MATCHING pattern A glob-style pattern to filter objects to ingest. See Patterns. Default is to ingest all objects.
COMPRESSION algorithm The compression algorithm used to decode downloaded objects. See Compression.
WITH ( option_list ) Options affecting source creation. For more detail, see WITH options.
HEADER Treat the first line of the CSV file as a header. See CSV format details.
n COLUMNS Format the source’s data as a CSV with n columns. See CSV format details.
DELIMITED BY char Delimit the CSV by char. ASCII comma by default (','). This must be an ASCII character; other Unicode code points are not supported.
ENVELOPE NONE (Default) Use an append-only envelope. This means that records will only be appended and cannot be updated or deleted.
PRIMARY KEY ( col_list ) NOT ENFORCED Declare a set of columns as a primary key. For more information, see Key constraint details.

WITH options

The following options are valid within the WITH clause.

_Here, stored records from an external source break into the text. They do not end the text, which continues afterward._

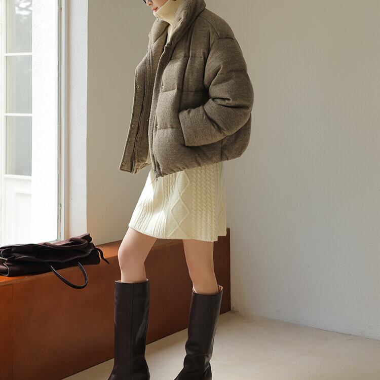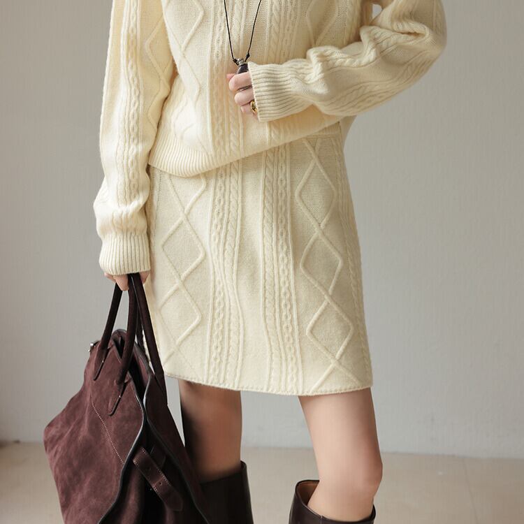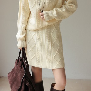 秋冬のコーディネートに暖かみをプラスする、ケーブル編みのニットスカート。
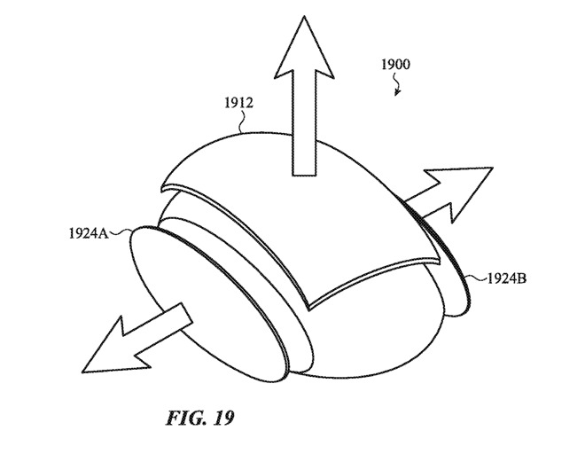 为了确保结构的完整性,外壳可以由重叠的部分组成,从而消除了可能的缝隙,这些缝隙在压紧时可能会夹住手指或削弱整体结构。尽管这种连接方式可以垂直应用,但苹果公司还暗示了鼠标变宽的可能性。侧面的滑出部分再次由执行器控制,可以弹出到各种位置以适应更大的抓地力。而这些弹出式元件仍可以包含在整个外壳中,这意味着鼠标可以保持光滑的外观而没有间隙或孔,同时仍然能够更改其尺寸。
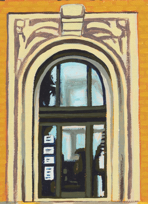 In another departure from my standard process, I painted the windows with a wet palette of six colors.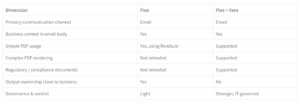 This distinction is intentional. Floe alone empowers the business to move quickly. Floe combined with Varo reintroduces tighter governance where the document itself carries legal or operational weight.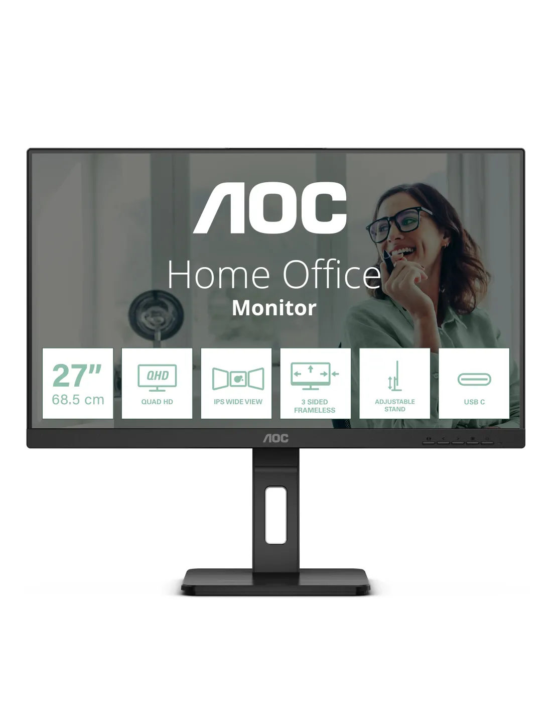 AOC Q27P3CV. Dimensioni diagonale schermo: 68,6 cm (27"), Risoluzione del display: 2560 x 1440 Pixel, Tipologia HD: Quad HD, Tecnologia display: LED, Tempo di risposta: 4 ms, Rapporto d'aspetto nativo: 16:9, Angolo di visualizzazione (orizzontale): 178°, Angolo di visualizzazione (verticale): 178°. Altoparlanti incorporati. Hub USB integrato, Versione dell'hub USB: 3.2 Gen 1 (3.1 Gen 1). Montaggio standard VESA, Regolazione altezza. Colore del prodotto: Nero

Field Value type Description
region text required A valid AWS region.

AWS Credentials WITH options

Field Value Description
access_key_id text A valid access key ID for the AWS resource.
secret_access_key text A valid secret access key for the AWS resource.
token text The session token associated with the credentials, if the credentials are temporary

If you do not provide credentials via with options then materialized will examine the standard AWS authorization chain:

  1. Environment variables: AWS_ACCESS_KEY_ID and AWS_SECRET_ACCESS_KEY
  2. credential_process command in the AWS config file, usually located at ~/.aws/config.
  3. AWS credentials file. Usually located at ~/.aws/credentials.
  4. IAM instance profile. Will only work if running on an EC2 instance with an instance profile/role.

Credentials fetched from a container or instance profile expire on a fixed schedule. Materialize will attempt to refresh the credentials automatically before they expire, but the source will become inoperable if the refresh operation fails.

Permissions Required

The IAM User or Role used by materialized requires permission to perform different AWS actions depending on which actions are required to discover the list of objects to download.

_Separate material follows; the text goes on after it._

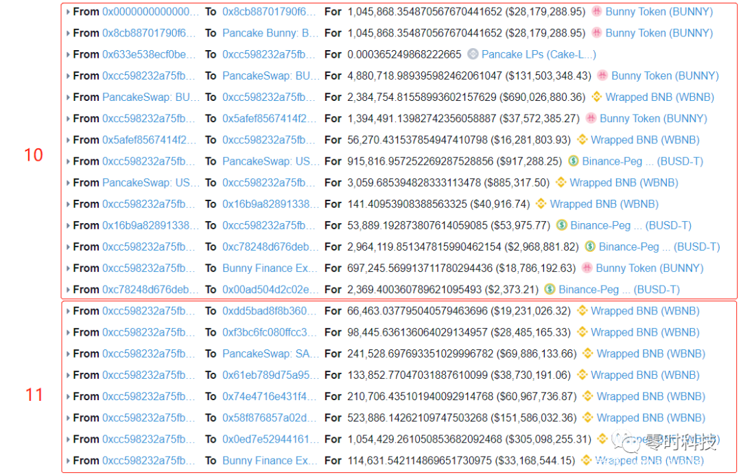 第十步:将获取的697万枚Bunny资金转换为BNB和USDT,并给攻击者钱包地址转入69万枚Bunny。
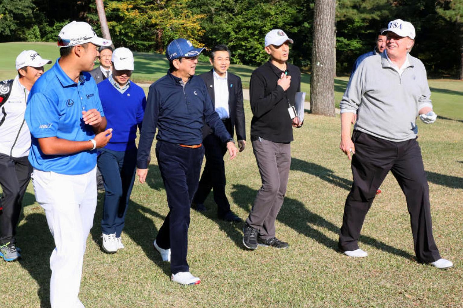 Trump and Abe wasted little time in getting down to their favourite pastime and the US leader was on tee within a few hours of touching down in Tokyo.

The DISCOVER OBJECTS USING clause describes how Materialize will load objects, and so its parameters determine which permissions materialized requires. For example, since the SCAN key name source (as in DISCOVER OBJECTS USING BUCKET SCAN) must perform repeated ListObjects actions to create a list of key names to download, you must grant the Materialize IAM User or Role the ListObjects permission before you specify DISCOVER OBJECTS USING BUCKET SCAN.

Key name source Permissions required
All GetObject permission for the objects to be downloaded
BUCKET SCAN ListObject permission for the buckets to be scanned, unless the MATCHING pattern can only match a single object. In such cases, Materialize will perform only the necessary GetObject API call.
SQS NOTIFICATIONS ChangeMessageVisibility, DeleteMessage, GetQueueUrl, ReceiveMessage SQS Permissions for the queue Materialize will listen to

The root AWS documentation for S3 permissions is available here.

Details

Materialized source details

Materializing a source keeps data it receives in an in-memory index, the presence of which makes the source directly queryable. In contrast, non-materialized sources cannot process queries directly; to access the data the source receives, you need to create materialized views that SELECT from the source.

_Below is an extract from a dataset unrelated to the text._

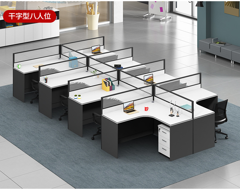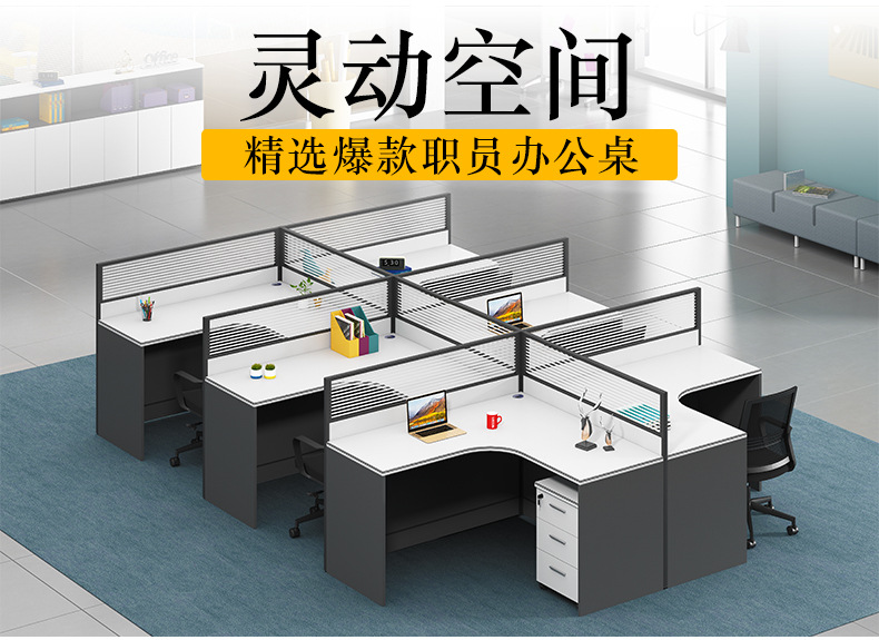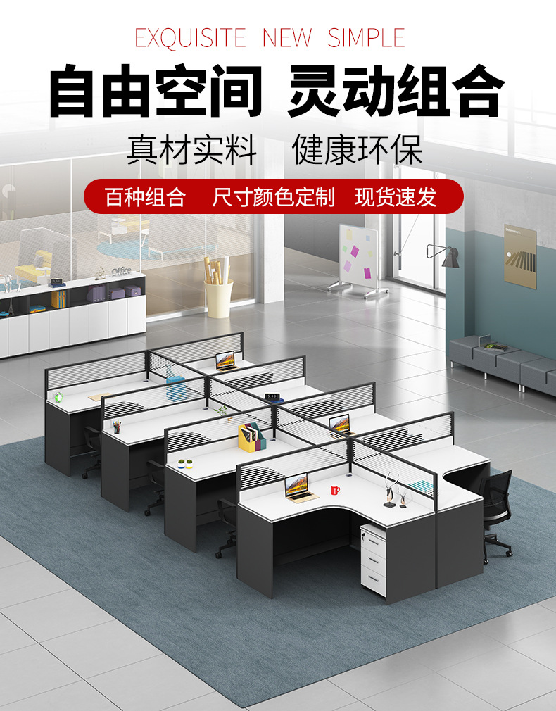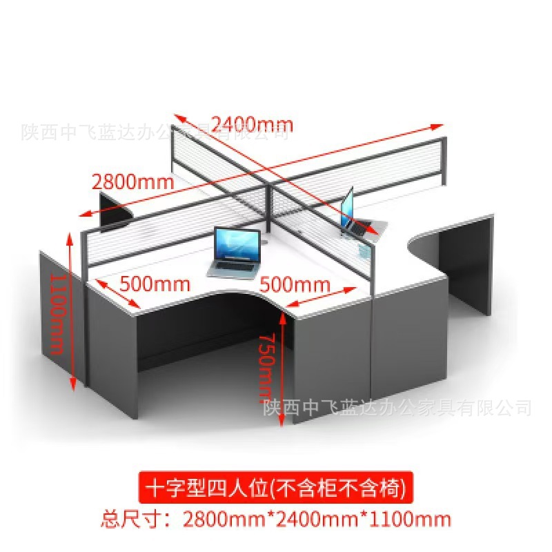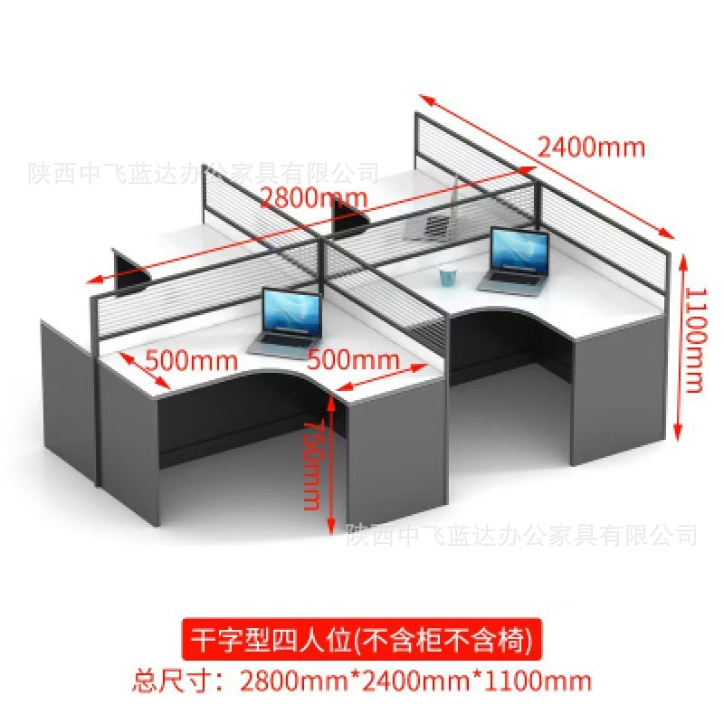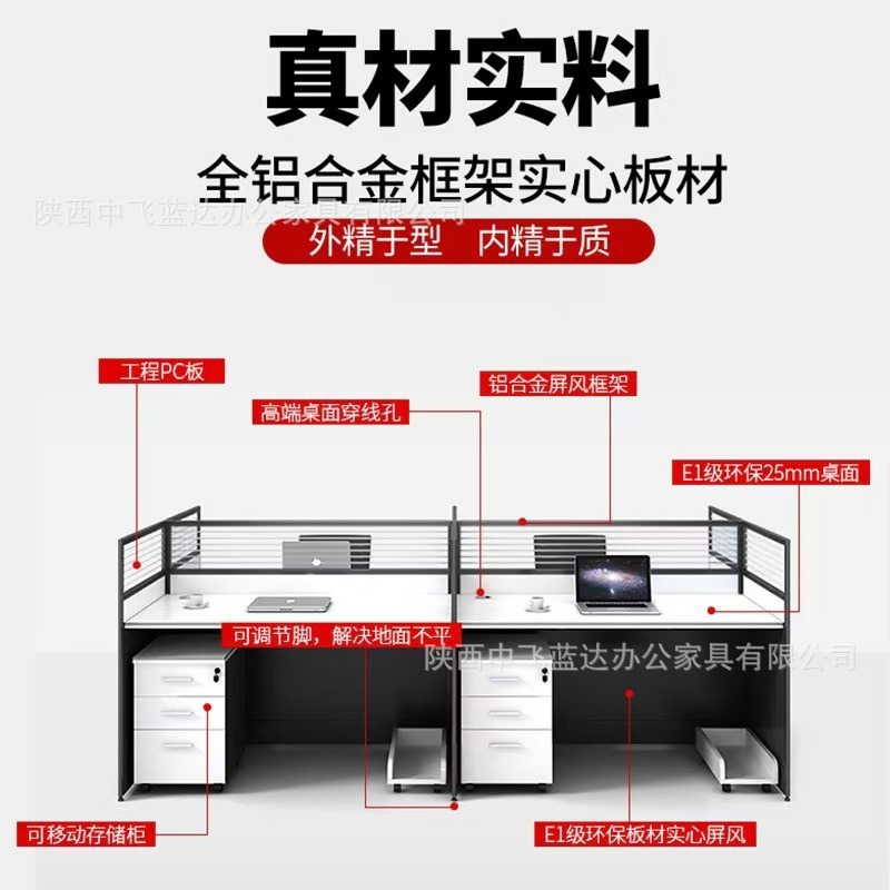 Офисный стол-перегородка для четырех человек, комплект из двух рабочих мест и стульев, оптовые офисные столы для сотрудников.

For a mental model, materializing the source is approximately equivalent to creating a non-materialized source, and then creating a materialized view from all of the source’s columns:

CREATE SOURCE src ...;
CREATE MATERIALIZED VIEW src_view AS SELECT * FROM src;

The actual implementation of materialized sources differs, though, by letting you refer to the source’s name directly in queries.

For more details about the impact of materializing sources (and implicitly creating an index), see CREATE INDEX: Details — Memory footprint.

S3 source details

The S3 source is designed to ingest a large volume of static data from AWS’s Simple Storage Service, Amazon Web Services’ cloud object store. It is important to note that an object store behaves differently than a file system does, and that those differences affect how Materialize interacts with objects in it.

Some key differences from file systems include:

The primary effect of this is that we do not handle updates to S3 objects, and we may interleave multiple object ingestion to speed it up.

S3 limitations

Object discovery strategies

Materialize has several techniques to discover the objects to download, with more planned for the future.

All strategies follow the same basic pattern. Materialize will:

No guarantees are made about the relative order of records sent from the object discovery process and the Materialize SQL engine. As usual with SQL, you must impose your own order.

You may specify strategies multiple times within one CREATE SOURCE statement. For example, this is a legal invocation:

DISCOVER OBJECTS USING
  BUCKET SCAN 'example',
  BUCKET SCAN 'other',
  SQS NOTIFICATIONS 'example-notifications'
Listing Bucket objects

The BUCKET SCAN discovery performs a single scan over the specified bucket at source creation time. If you would like an S3 source to ingest objects that are added to the bucket after the source is created you must also configure an SQS NOTIFICATIONS discovery mechanism on the source.

Listening to SQS notifications

AWS S3 has a built-in method for notifying downstream applications of bucket modification, the Event Notification API. For Materialize, the only interesting modifications are object creation, aka the s3:ObjectCreated:* event namespace. Follow the AWS Tutorial to configure a bucket for exactly this namespace.

Once you have configured S3 notifications to go to an SQS queue, you can point Materialize at that queue with DISCOVER OBJECTS USING SQS NOTIFICATIONS 'queue-name'.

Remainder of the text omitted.